Lega Lombarda Saronno: mozione per chiedere revisione del verde respinta dalla maggioranza
intervento del capogruppo della Lega Lombarda Raffaele Fagioli in Consiglio Comunale a Saronno
MOZIONE REGOLAMENTO VERDE
Presentiamo questa mozione perché riteniamo necessario aprire una riflessione seria e responsabile sul Regolamento del Verde in vigore dal 2024. In occasione dell’approvazione, da consigliere comunale, ho esposto tutti i miei dubbi e fortemente criticato il testo voluto e votato dalla maggioranza di centro-sinistra. Tali critiche della Lega, frutto della nostra esperienza politico-amministrativa e sostenute da più parti della società civile, si sono rivelate fondate e ci portano oggi a chiedere, anche attraverso questa mozione, una revisione sostanziale del Regolamento.
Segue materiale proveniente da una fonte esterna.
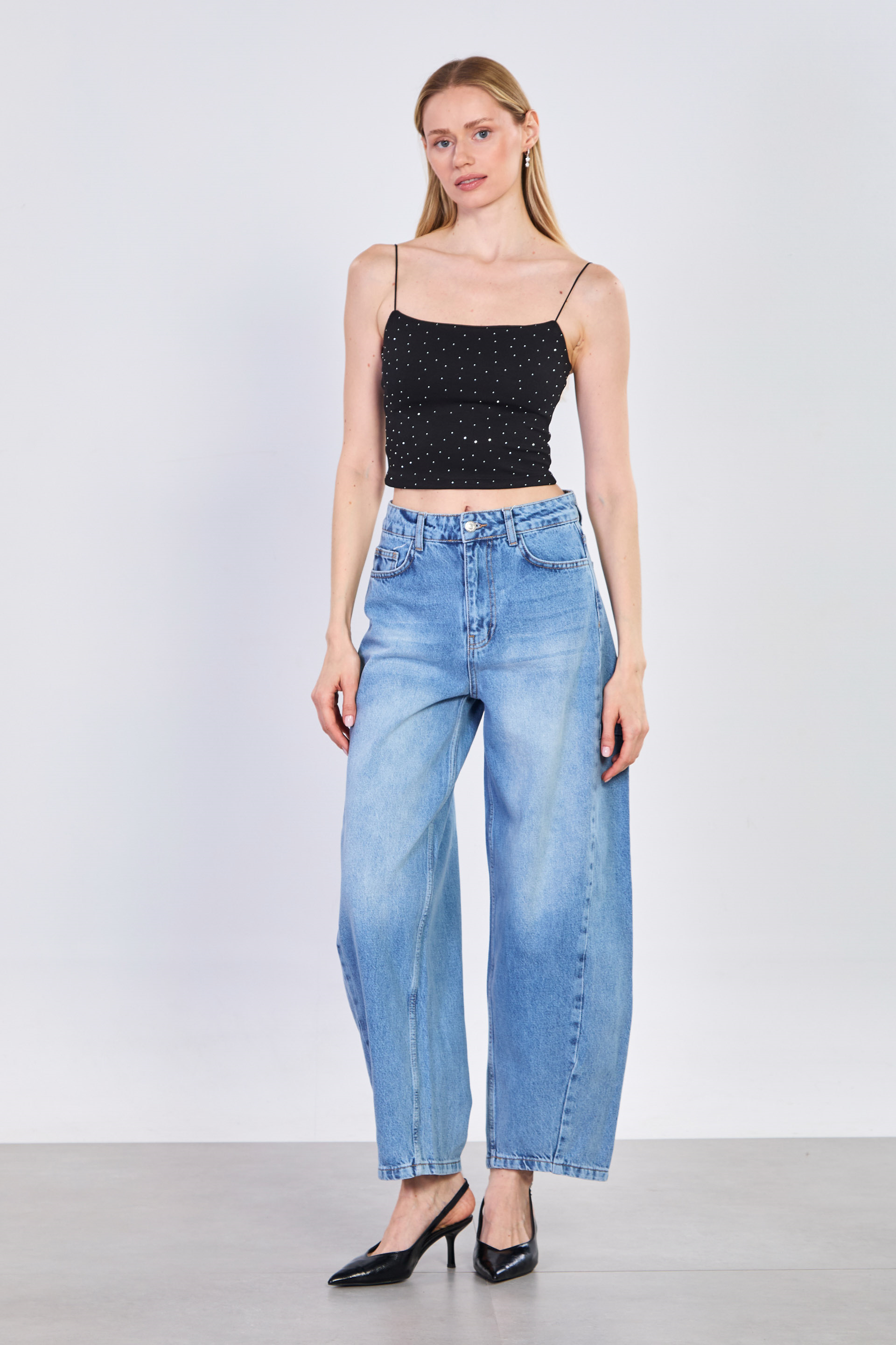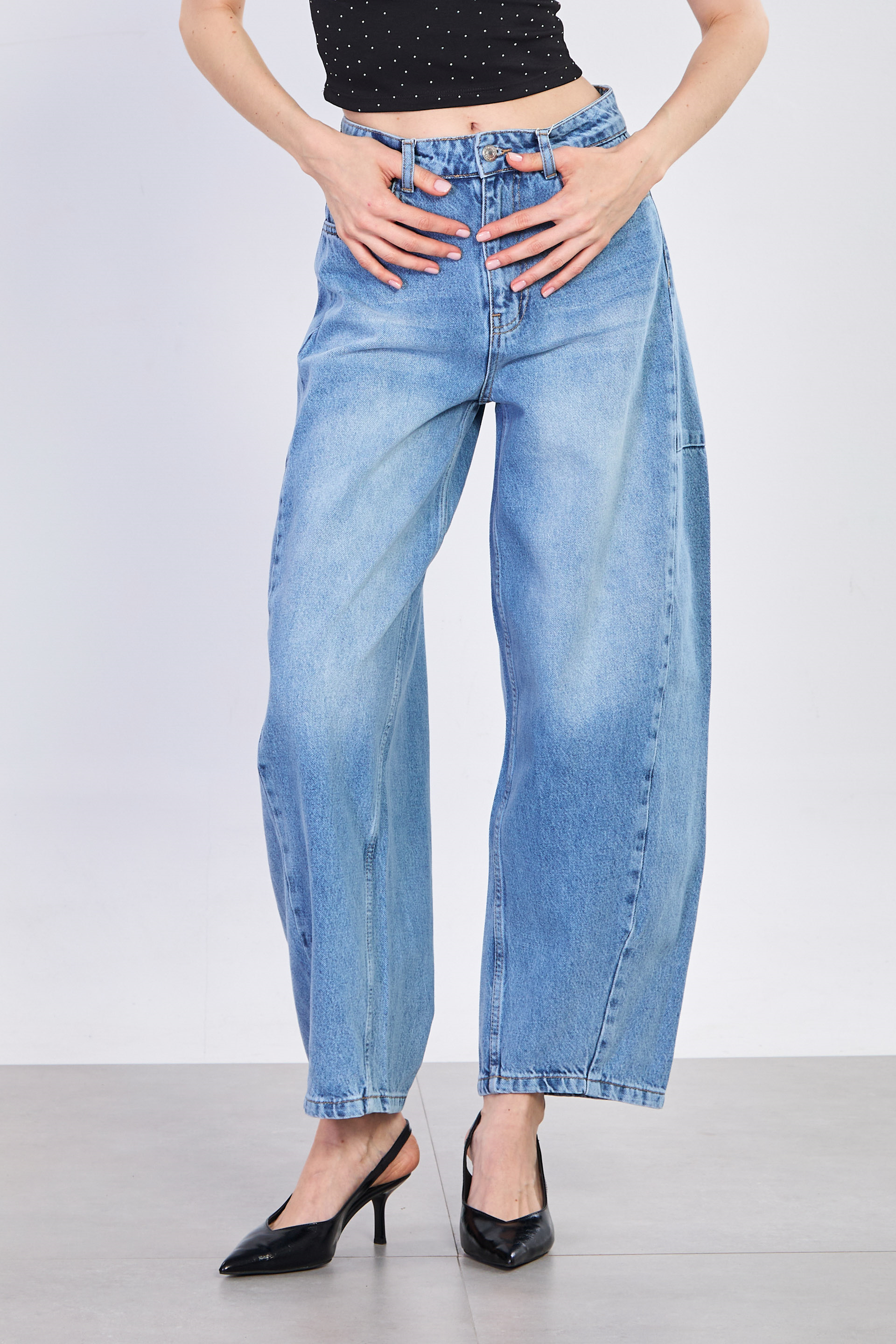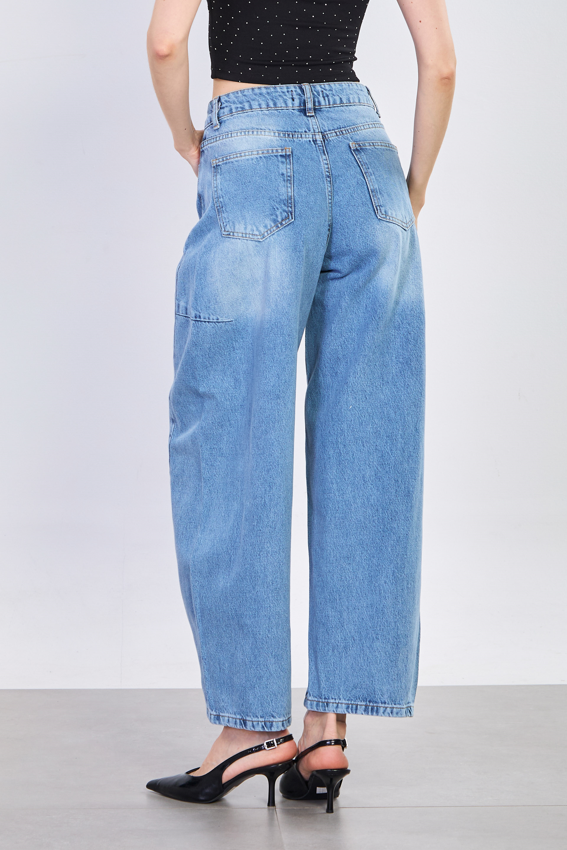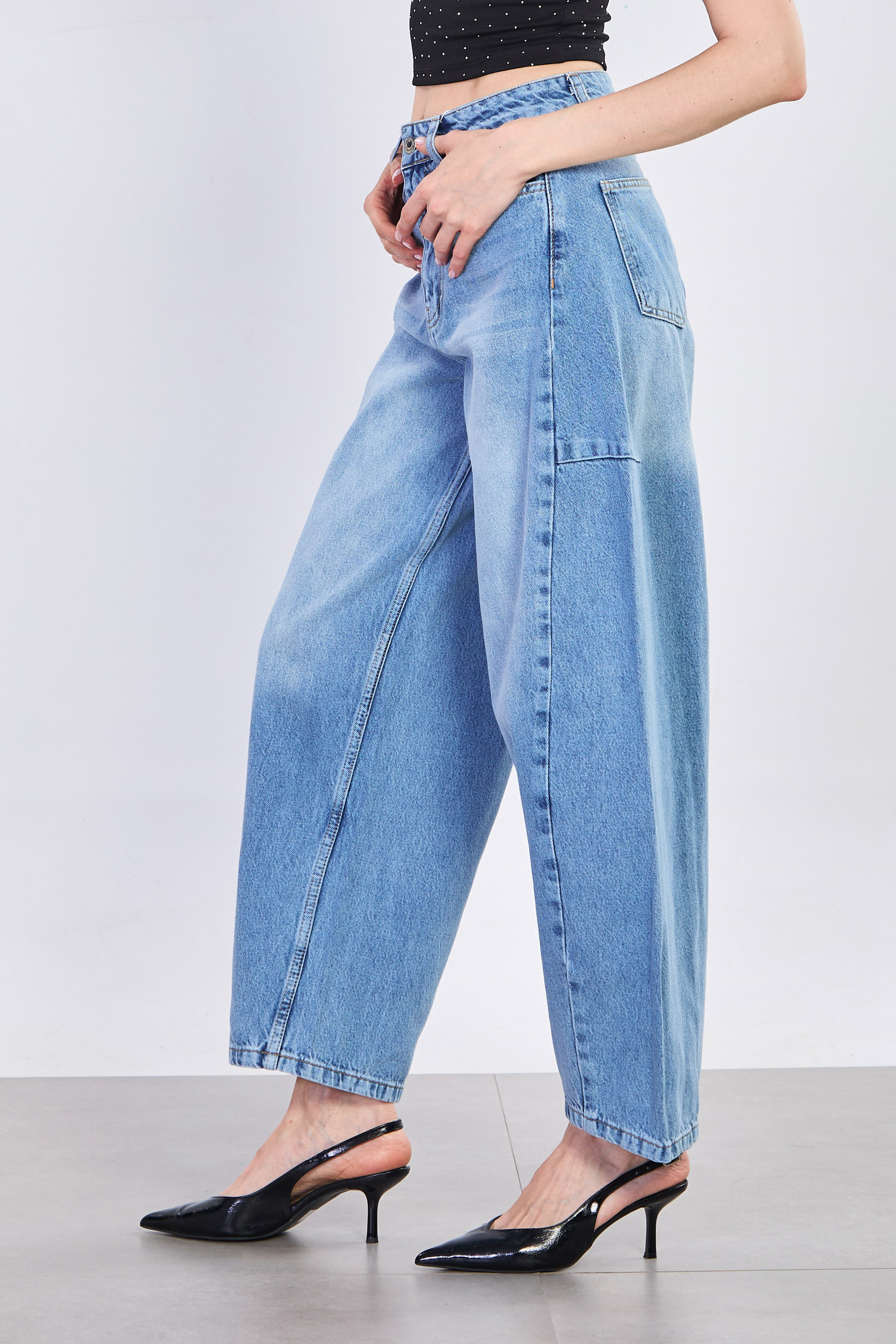 Kadın Parçalı Balon Jean Pantolon - Mavi Buz Y.

Liberiamo subito il campo da qualsiasi ambiguità: nessuno di noi mette in discussione la tutela del verde. Anzi. Il verde urbano è una risorsa fondamentale per la qualità della vita, per l’ambiente e per il decoro della nostra città. Proprio per questo, però, crediamo che serva un regolamento che sia rigoroso sì, ma anche chiaro, proporzionato e concretamente applicabile.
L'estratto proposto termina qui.